Genetic diversity and dynamics of Plasmodium falciparum and P. vivax populations in multiply infected children with asymptomatic malaria infections in Papua New Guinea

M. C. BRUCE; M. R. GALINSKI; J. W. BARNWELL; C. A. DONNELLY; M. WALMSLEY; M. P. ALPERS; D. WALLIKER; K. P. DAY

doi:10.1017/S0031182099006356

Abstract

We describe the dynamics of co-infections of Plasmodium falciparum and P. vivax in 28 asymptomatic children by genotyping these species using the polymorphic loci Msp2 and Msp3α, respectively. The total number of Plasmodium spp. infections detected using 3 day sampling over 61 days varied between 1 and 14 (mean 6·6).
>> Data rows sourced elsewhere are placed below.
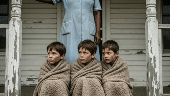 Evelyn didn’t ask who their parents were or why they had ended up in her yard. She only asked when they had last eaten. And just like that, her quiet house was no longer quiet. She gave up her bedroom so the boys could share the warmest room, stretched soup with water, and stitched shoes from thrift shop scraps. Neighbors whispered about a black widow raising three white boys, but Evelyn simply replied, “Children don’t choose their skin. They just need someone to love them right.”
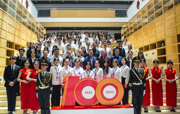 大会在高亢激昂的团歌声中拉开帷幕。新发展团员举行了集中宣誓仪式,校团委书记陈荟芸宣读了《关于2021-2022年度共青团先进集体和先进个人的表彰决定》,杨之毛副书记等领导分别为市级、校级“优秀共青团员”、“优秀共青团干部”、“红旗团支部”和“红旗团总支”获奖代表颁奖。市级优秀共青团干部尹誉霖、优秀学生代表武如钰分别作了代表发言。最后,本次五四表彰大会在《没有新共产党就没有新中国》的嘹亮歌声中圆满落下帷幕。
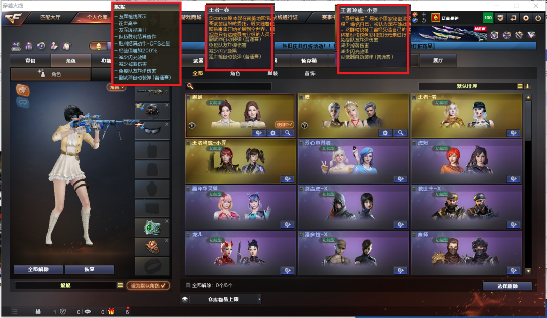 装备描述:排位:可以----------------爆破四防:幻神3皮+音效(KZ冠军、EP荣耀、黄忠皮肤)、冠军之特、COP极地霜雄、、、、、加利尔ACE-天袭、白虎、QBZ金色蔷薇、、、幻神音效、裁决音效、白虎音效、毁灭音效、黑骑士音效、、、1套堕天神、2套神工天巧、1套量子之心、 、、爆破四防(妮妮、王者春、王者小乔)
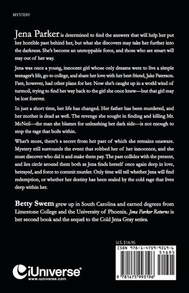 Jena Parker is determined to find the answers that will help her put her horrible past behind her, but what she discovers may take her further into the darkness. She's become an unstoppable force, and those who are smart will stay out of her way. Jena was once a young, innocent girl whose only dreams were to live a simple teenager's life, go to college, and share her love with her best friend, Jake Paterson. Fate, however, had other plans for her. Now she's caught up in a world wind of turmoil, trying to find her way back to the girl she once knew-but that girl may be lost forever. In just a short time, her life has changed. Her father has been murdered, and her mother is dead as well. The revenge she sought in finding and killing Mr. McNeil-the man she blames for unleashing her dark side-is not enough to stop the rage that boils within. What's more, there's a secret from her past of which she remains unaware. Mystery still surrounds the event that robbed her of her innocence, and she must discover who did it and make them pay. The past collides with the present, and lies circle around them both as Jena finds herself once again deep in love, betrayed, and force to commit murder. Only time will tell whether Jena will find redemption, or whether her destiny has been sealed by the cold rage that lives deep within her.
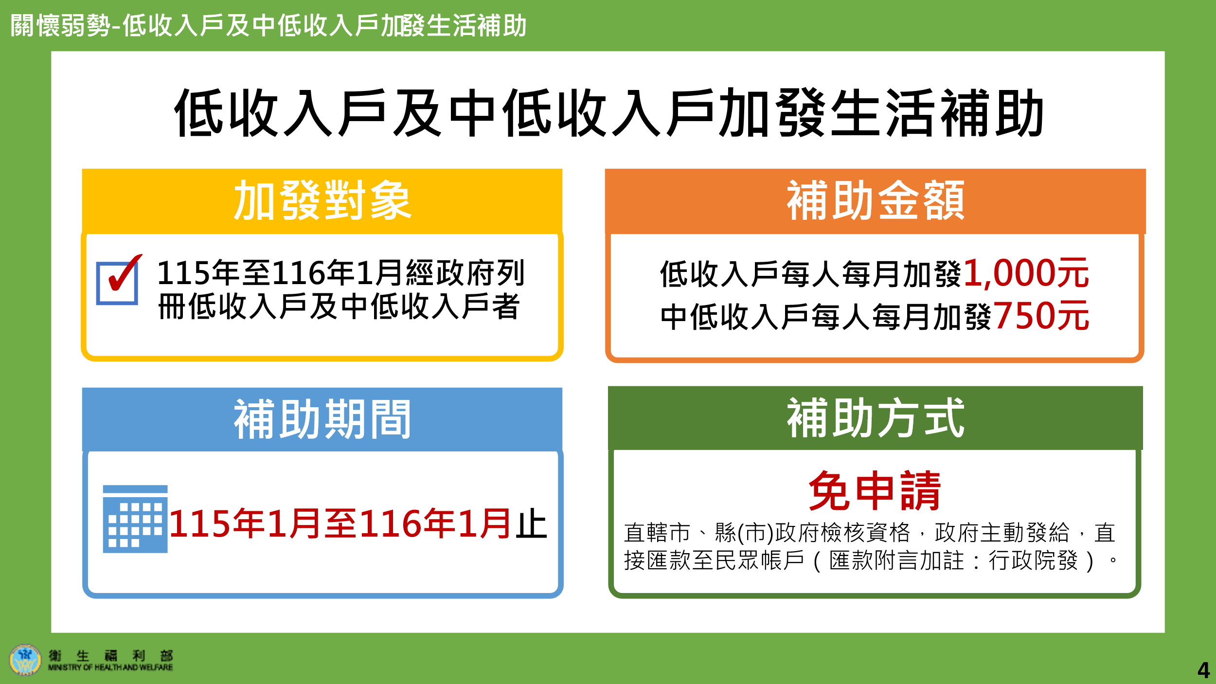 為了及時照顧經濟弱勢族群,自115年1月起至116年1月止共13個月,按月加發生活補助金,對象包含:

The dynamics of P. falciparum and P. vivax genotypes varied greatly both within and amongst children. Periodicity in the detection of P. falciparum infections is consistent with the synchronous replication of individual genotypes. Replication synchrony of multiple co- infecting genotypes was not detected. In 4-year-old children P. falciparum genotype complexity was reduced and episodes lasted significantly longer (median duration > 60 days) when compared to children aged 5–14 years (median duration 9 days). P. vivax genotype complexity was not correlated with age but the episode duration was also longer for this species in 4-year-olds than in older children but was not as long as P. falciparum episodes. Recurrence of P. falciparum and P. vivax genotypes over weeks was observed. We interpret these major fluctuations in the density of genotypes over time as the result of the mechanism of antigenic variation thought to be present in these Plasmodium species.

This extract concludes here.